Start of INFORMATION PROVIDED

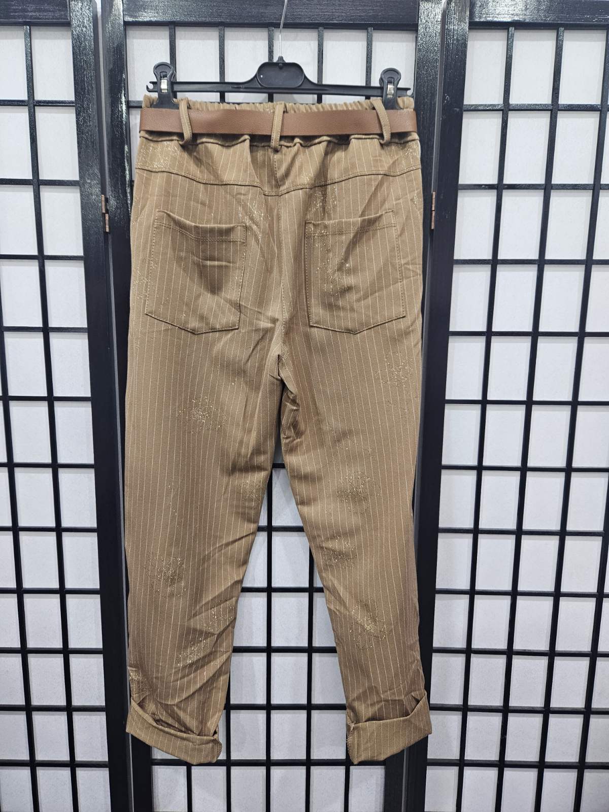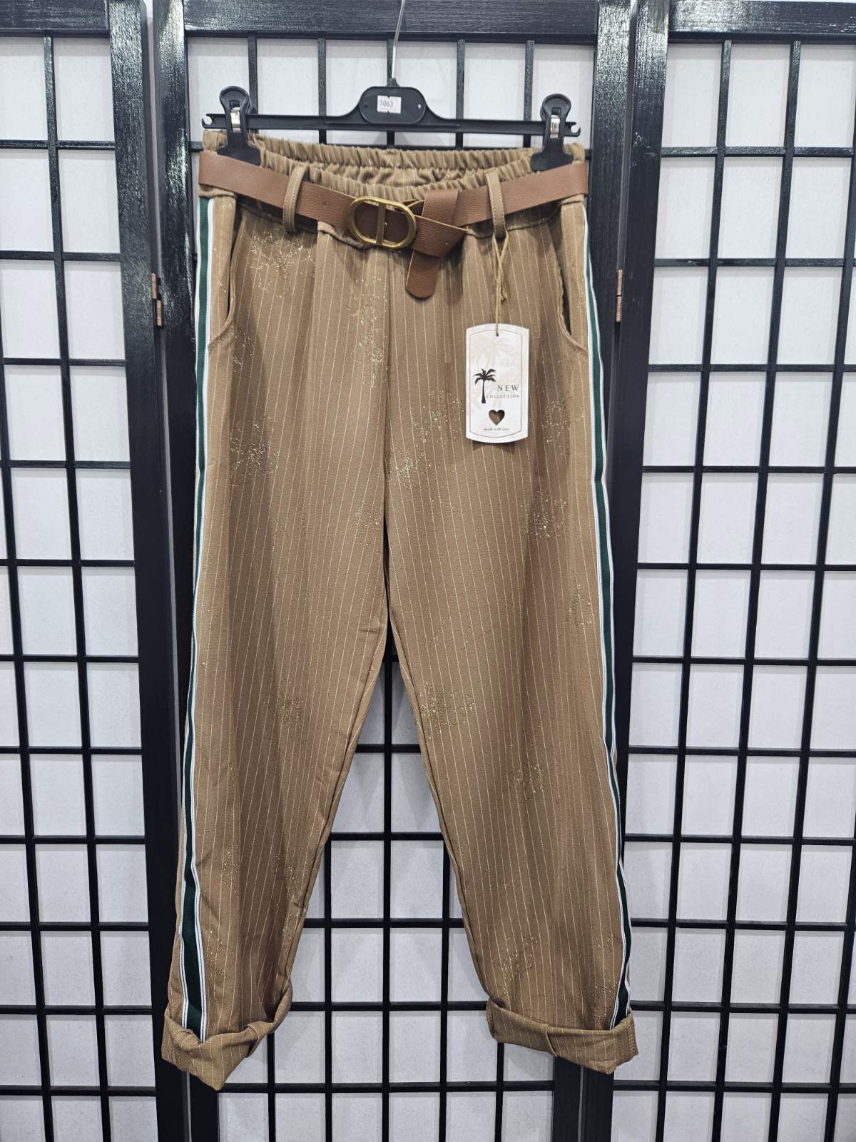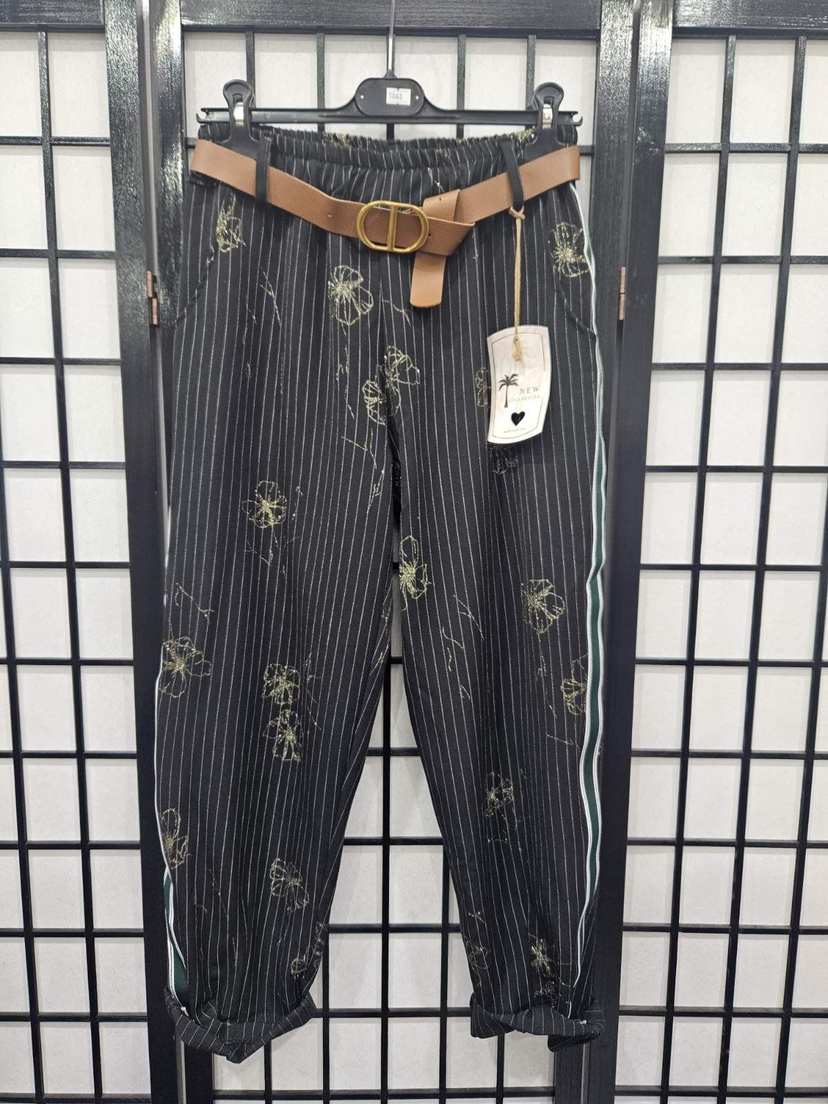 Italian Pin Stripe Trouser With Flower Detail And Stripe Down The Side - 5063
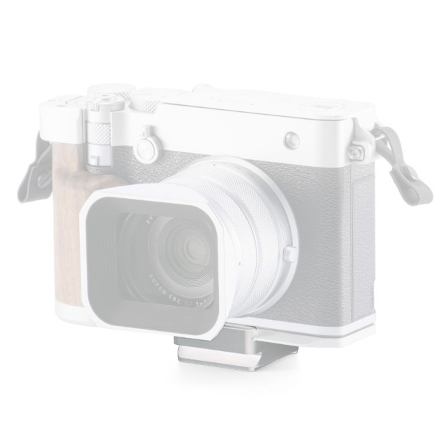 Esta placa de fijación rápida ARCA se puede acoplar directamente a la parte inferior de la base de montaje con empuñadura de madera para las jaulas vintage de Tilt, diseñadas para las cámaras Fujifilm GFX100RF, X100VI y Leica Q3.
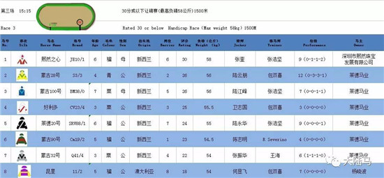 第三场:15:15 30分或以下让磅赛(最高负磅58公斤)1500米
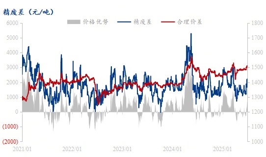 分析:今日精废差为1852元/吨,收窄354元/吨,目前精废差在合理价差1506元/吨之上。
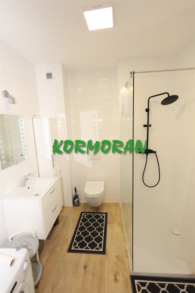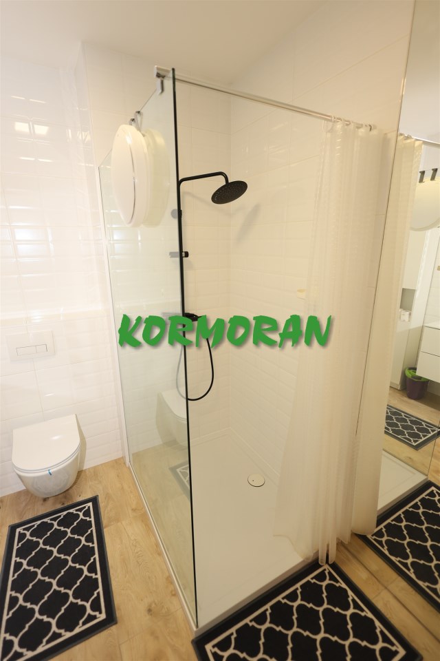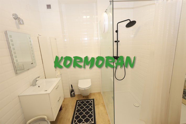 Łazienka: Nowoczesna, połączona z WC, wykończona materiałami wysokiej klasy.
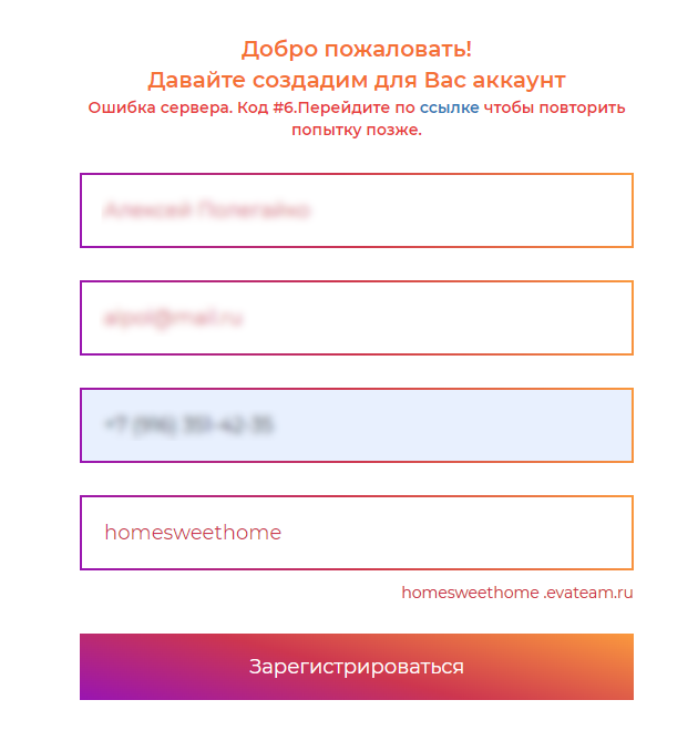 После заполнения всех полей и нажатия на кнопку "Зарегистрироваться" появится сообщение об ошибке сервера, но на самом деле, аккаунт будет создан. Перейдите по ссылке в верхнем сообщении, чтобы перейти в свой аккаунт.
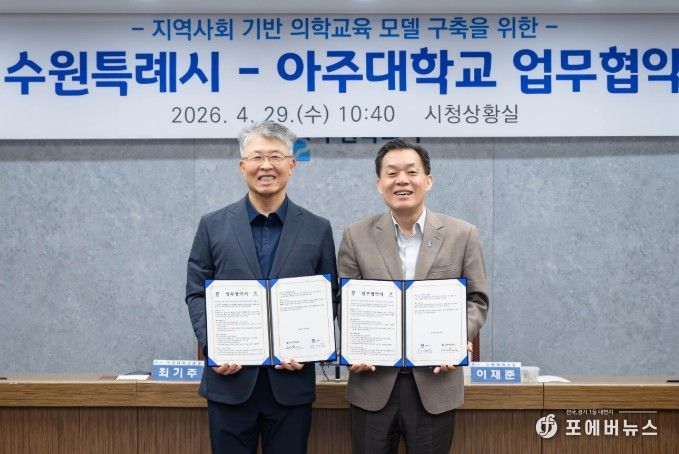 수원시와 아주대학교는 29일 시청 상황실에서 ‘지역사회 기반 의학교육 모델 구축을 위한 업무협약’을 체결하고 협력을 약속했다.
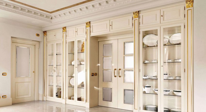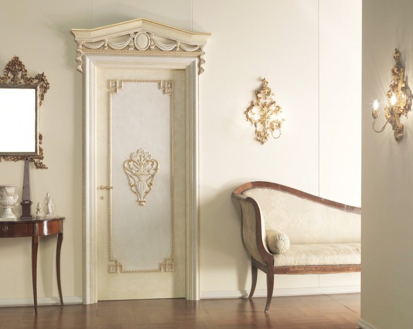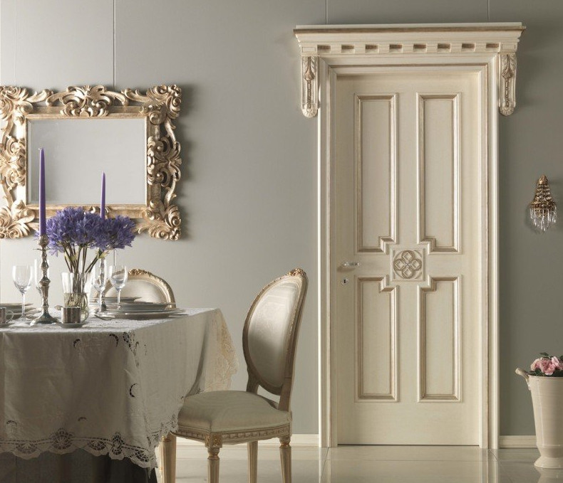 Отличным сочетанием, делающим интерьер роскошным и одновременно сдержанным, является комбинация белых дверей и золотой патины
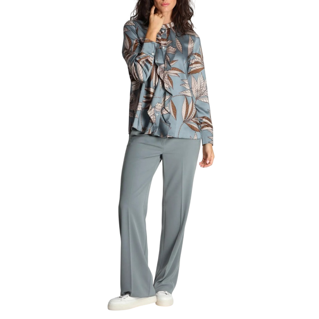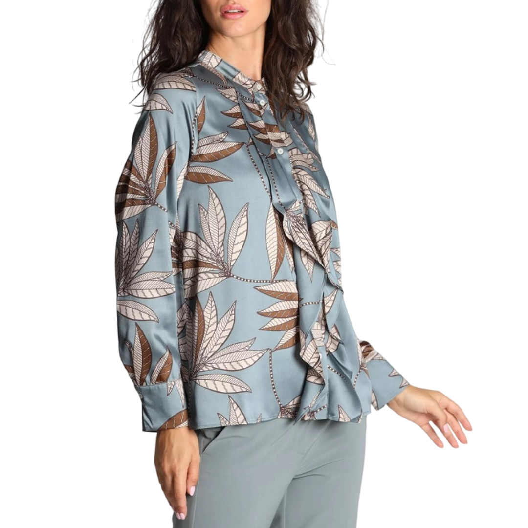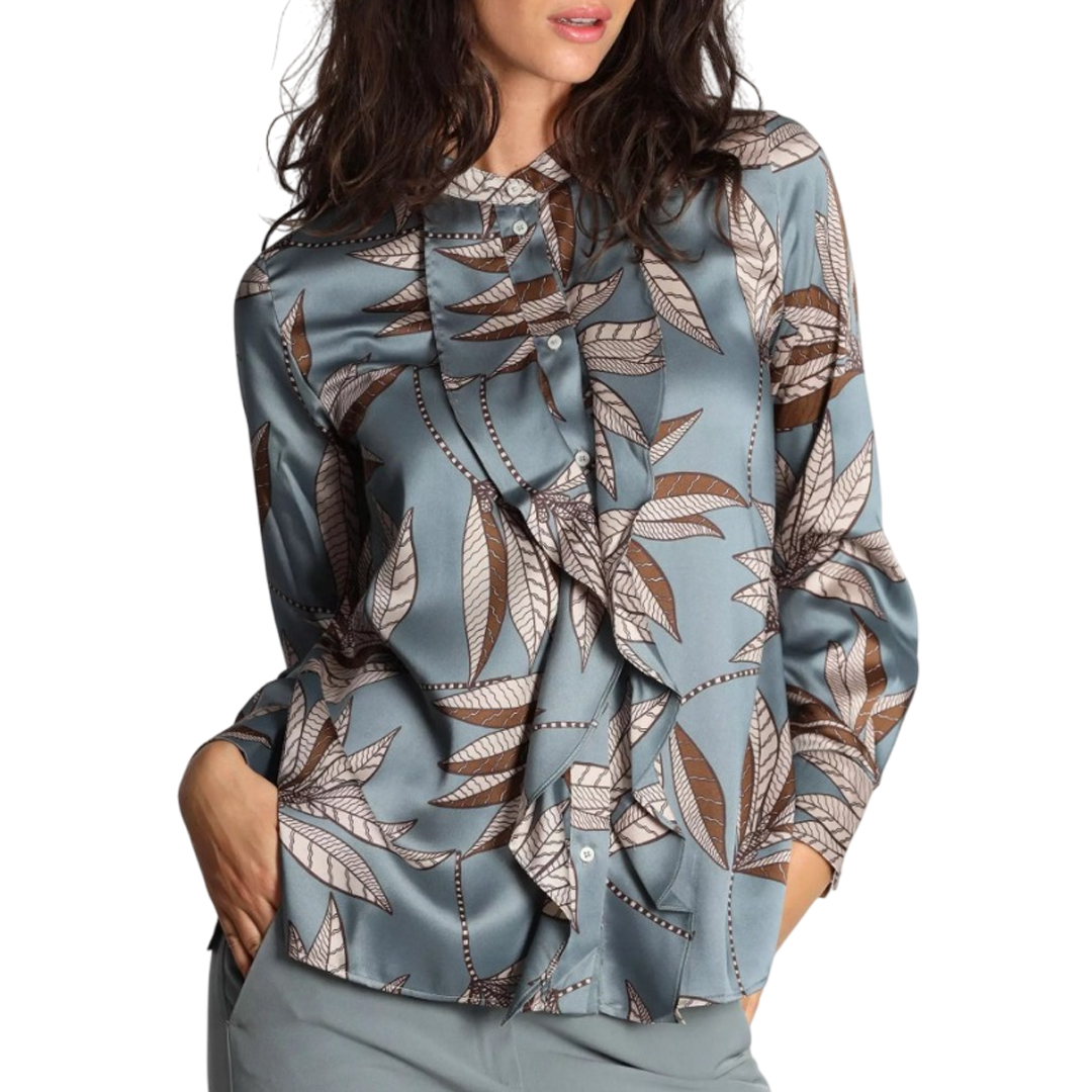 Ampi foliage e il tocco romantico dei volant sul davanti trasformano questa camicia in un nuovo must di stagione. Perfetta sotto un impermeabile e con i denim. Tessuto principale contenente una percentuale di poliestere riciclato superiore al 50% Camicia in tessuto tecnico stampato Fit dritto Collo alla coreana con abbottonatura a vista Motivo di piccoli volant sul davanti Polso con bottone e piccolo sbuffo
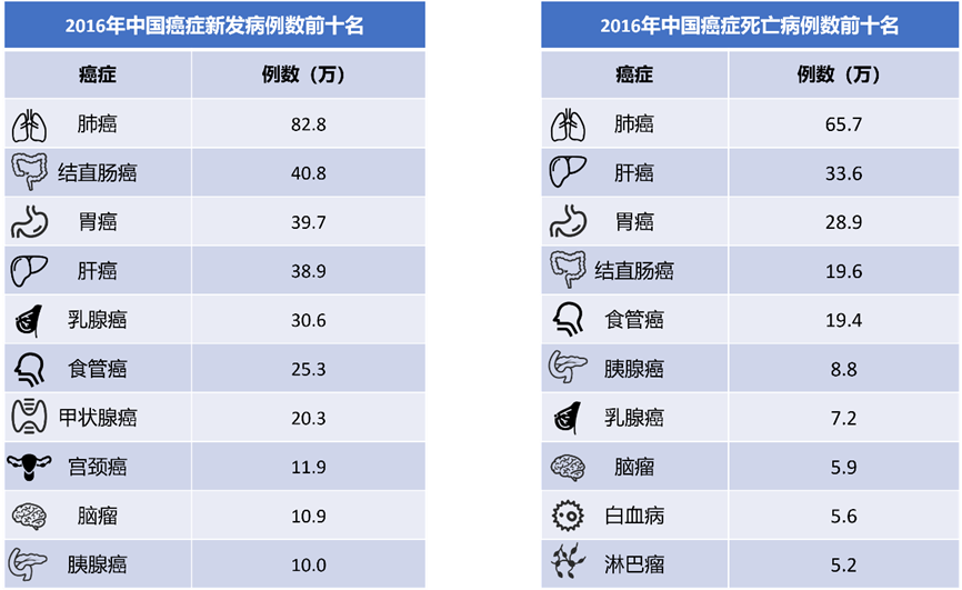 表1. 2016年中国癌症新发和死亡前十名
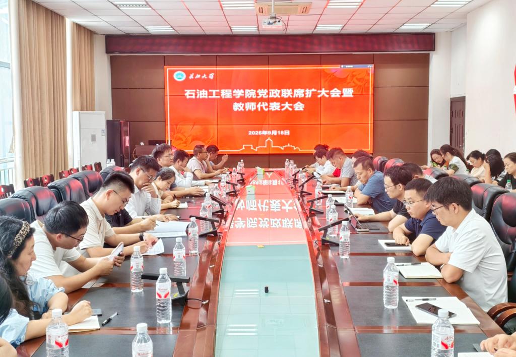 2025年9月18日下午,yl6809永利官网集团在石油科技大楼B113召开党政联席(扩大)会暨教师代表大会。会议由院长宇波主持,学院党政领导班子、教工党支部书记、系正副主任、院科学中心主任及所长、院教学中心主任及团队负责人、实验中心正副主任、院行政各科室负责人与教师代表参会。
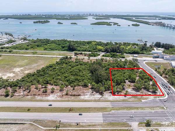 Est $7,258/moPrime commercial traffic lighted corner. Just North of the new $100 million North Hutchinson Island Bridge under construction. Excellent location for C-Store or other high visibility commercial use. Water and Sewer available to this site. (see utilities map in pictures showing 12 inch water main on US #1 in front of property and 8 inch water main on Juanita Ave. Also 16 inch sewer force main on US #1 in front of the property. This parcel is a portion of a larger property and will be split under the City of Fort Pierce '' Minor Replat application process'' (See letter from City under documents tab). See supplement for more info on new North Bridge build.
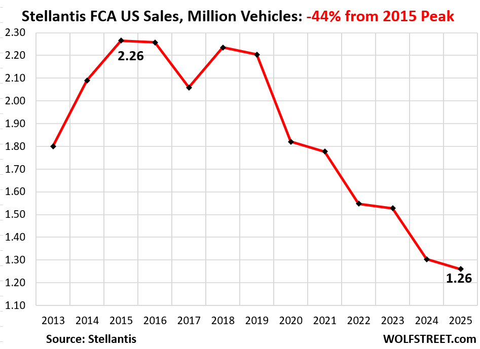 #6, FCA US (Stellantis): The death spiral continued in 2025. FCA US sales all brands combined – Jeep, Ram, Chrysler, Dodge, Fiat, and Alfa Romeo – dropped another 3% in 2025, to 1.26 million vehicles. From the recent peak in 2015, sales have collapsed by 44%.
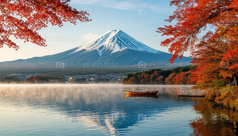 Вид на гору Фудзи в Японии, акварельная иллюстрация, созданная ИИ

End of INFORMATION PROVIDED

#### TASK INSTRUCTIONS:
Look above for the line containing "表1. 2016年中国癌症新发和死亡前十名"; output that line and all lines after it through the last one exactly, without the pictures.

#### REPLY:
 表1. 2016年中国癌症新发和死亡前十名
 2025年9月18日下午,yl6809永利官网集团在石油科技大楼B113召开党政联席(扩大)会暨教师代表大会。会议由院长宇波主持,学院党政领导班子、教工党支部书记、系正副主任、院科学中心主任及所长、院教学中心主任及团队负责人、实验中心正副主任、院行政各科室负责人与教师代表参会。
 Est $7,258/moPrime commercial traffic lighted corner. Just North of the new $100 million North Hutchinson Island Bridge under construction. Excellent location for C-Store or other high visibility commercial use. Water and Sewer available to this site. (see utilities map in pictures showing 12 inch water main on US #1 in front of property and 8 inch water main on Juanita Ave. Also 16 inch sewer force main on US #1 in front of the property. This parcel is a portion of a larger property and will be split under the City of Fort Pierce '' Minor Replat application process'' (See letter from City under documents tab). See supplement for more info on new North Bridge build.
 #6, FCA US (Stellantis): The death spiral continued in 2025. FCA US sales all brands combined – Jeep, Ram, Chrysler, Dodge, Fiat, and Alfa Romeo – dropped another 3% in 2025, to 1.26 million vehicles. From the recent peak in 2015, sales have collapsed by 44%.
 Вид на гору Фудзи в Японии, акварельная иллюстрация, созданная ИИ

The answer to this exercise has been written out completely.